Вернувшись домой, он застал в корне изменившуюся ситуацию. Отделение возбужденно жужжало, а его руководство было крайне раздосадовано от ставшего известным прискорбного и аморального поведения своего сотрудника, порочно связавшегося с посторонней женщиной и пытающегося разрушить  замечательную советскую семью. Женщина-разлучница , то есть Мила Комкова, всеми любимая, и уважаемая своим непосредственным начальством, и совершенно ни в чем не виноватая Мила, была позорно и унизительно уволена с так трудно приобретенной работы. Ей выломали руки и заставили написать заявление «по собственному желанию».

Проделал это, разумеется, милый и дружески расположенный к Юрию Иван Яковлевич, который появился в Ставрополе много раньше своего содокладчика, заехавшего на обратном пути в Ростов. На вопрос возмущенного Юрия, как это могло случиться, он ответил:
- А что мне оставалось делать после посещения нас твоей женой и ее матерью с жалобой на твое с Комковой поведение и с требованием принять меры для сохранения семьи. Я сразу понял, что этим посещением дамы не ограничатся, что дело примет общественный характер и что надо его как-то заглушить или притушить. И тебе советую на время прекратить контакты с подругой и уйти в подполье или залечь в берлоге. Пока все не заглохнет.

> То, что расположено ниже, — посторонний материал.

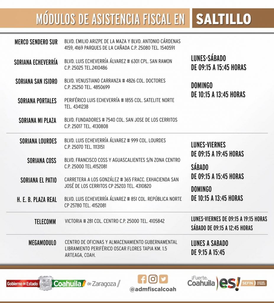 En Saltillo, los módulos se ubican en Merco Sendero Sur, Soriana Echeverría, Soriana San Isidro, Soriana Portales, Soriana Mi Plaza. En estos sitios el horario de atención es de lunes a sábado de 09:15 a 15:45 horas, y el domingo de 10:15 a 13:45 horas.

Юрий, поверовав в опыт начальства, действительно «залег в берлоге», уйдя из дома и поселившись на жительство в своем рабочем кабинете. При этом он уговорил Милу отложить их встречи на какое-то время.

Мила, прямо скажем, была шокирована таким предложением. Ее сознание не вмещало подобное поведение  в антураже приличного человека, оно казалось ей, по меньшей мере, странным,  а по большей, даже не очень приличным. И начались их почти непрерывные телефонные контакты. К тому времени у Юрия был уже свой изолированный маленький кабинетик, что давало ему возможность пребывать все рабочее время в состоянии поддерживающих и вдохновляющих бесед с уже однозначно дорогим и близким человеком. В этих телефонных общениях они, попеременно подставляя слог к слогу, придумали трогательное и беззащитное слово, которым назвали сами себя – нимуначик. Умиляясь и растворяясь в нежности, они так и называли друг друга – Нимуначик!

Иван Яковлевич, вовлеченный в эту скандальную историю, тоже варился в ней практически постоянно, по случаю чего очень часто заходил к Юрию в его кабинет. Все время видя Юрия с телефонной трубкой, прижатой к уху, он, в конце концов, велел отключить телефон от линии и лишить тем самым виновника безобразия  общения с единственным человеком, всецело разделяющим с ним нахлынувшие беды. Так сказать, полностью изолировать его от дурного влияния. Это был уже непростительный перебор со стороны социалистической общественности в лице ее верного стража И.Я.Пантелеева. Постыдный договор о прекращении контактов с Комковой был расторгнут Юрием в одностороннем порядке, и  теперь уже явные встречи виновников скандала возобновились.

Этому способствовало и дальнейшее развитие событий. Странной и нелогичной активностью якобы пострадавшей стороны в конфликт были вовлечены и Горком комсомола на предмет воспитания комсомолки Милы, и другие партийные и общественные организации, и, что вовсе уж странно, место работы Милиной мамы и самой Милы,  вскоре  принятой на работу в школу.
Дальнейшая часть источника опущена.